The Federal Tax Authority (FTA) has announced that businesses must complete Corporate Tax registration within 90 days from the Date of Incorporation / MOA.

FTA Corporate Tax Rules for Non-Resident Persons

Published on: 21 Aug 2025 | Last Update: 31 Jan 2026
FTA Corporate Tax Rules for Non-Resident Persons
Akshaya Ashok

Written by : Akshaya Ashok

Reyees K P

Reviewer : Reyees K P

The UAE’s Corporate Tax Law now includes clear rules for both local (resident) businesses and foreign (non-resident) companies. If you are a global investor or an international business working with the UAE, knowing these FTA corporate tax rules for non-residents is extremely important.

In simple terms, a non-resident person becomes liable for UAE corporate tax services if they earn income from the UAE or have a significant connection known as a “nexus” with the country. This could be through activities such as operating a branch, managing projects, or having agents in the UAE.
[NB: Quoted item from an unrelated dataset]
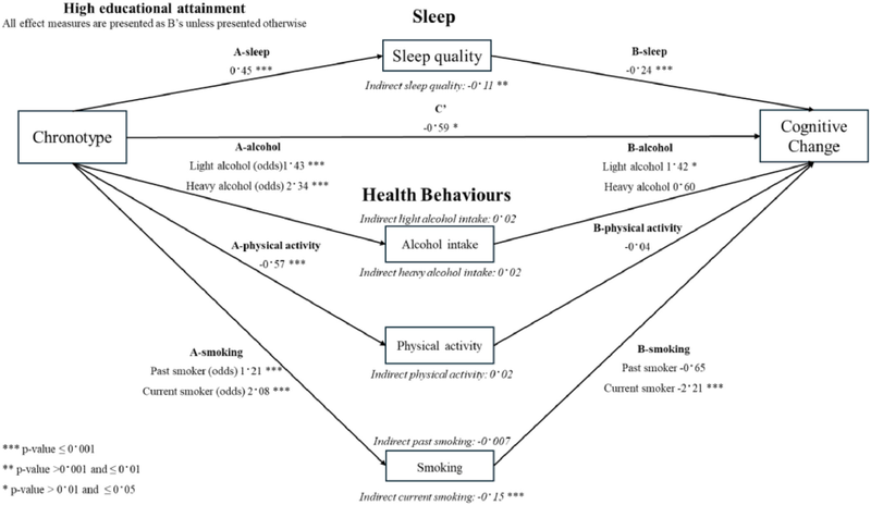 研究人员认为,在高学历者里,晚型作息与认知下滑有关,部分通过睡不好与继续吸烟这两条通道发生;而运动与酒精不是主要路径,但并不据此鼓励饮酒。
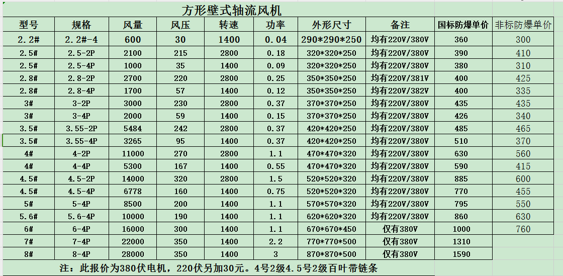 方型壁式軸流風(fēng)機(jī)

By understanding these rules, non-resident businesses can plan better, avoid unexpected tax bills, and ensure they stay fully compliant with UAE laws. This not only builds trust with UAE authorities but also helps companies operate smoothly in one of the world’s most business-friendly environments.

Who is a Non-Resident Person?

The Federal Tax Authority (FTA) explains that a non-resident person is someone who is not officially considered a tax resident of the country. This could be:

  • An individual or company that does not have a permanent office, branch, or fixed place of business in the UAE.
  • A person or business that is not managed or controlled from within the UAE.
  • Someone who earns income from UAE sources, such as selling goods, providing services, or receiving royalties, but operates mainly from outside the country.
  • Any person or company that has a business connection (nexus) with the UAE without being physically established here.


When Do Non-Residents Need to Pay Corporate Tax in the UAE?

Non-resident businesses or individuals can become liable for UAE corporate tax in certain situations. This includes:

  • Earning income from UAE sources – for example, renting out property in the UAE, offering consultancy services to UAE clients, or earning other locally generated income.
  • Having a Permanent Establishment (PE) in the UAE – such as an office, branch, or other fixed place where business activities are carried out.
  • Maintaining a strong business connection (nexus) – like owning property in the UAE or regularly doing business here.

If these conditions apply, corporate tax will be charged on taxable profits. The standard rate is 9% for profits above AED 375,000, while profits below this threshold are taxed at 0%.

 

Exemptions and Special Cases

Not every non-resident in the UAE has to pay corporate tax. You may be exempt if:

  • You don’t earn any income from UAE sources.
  • Your UAE income is already covered by UAE withholding tax.
  • Your earnings come from specific foreign branch operations that qualify for relief.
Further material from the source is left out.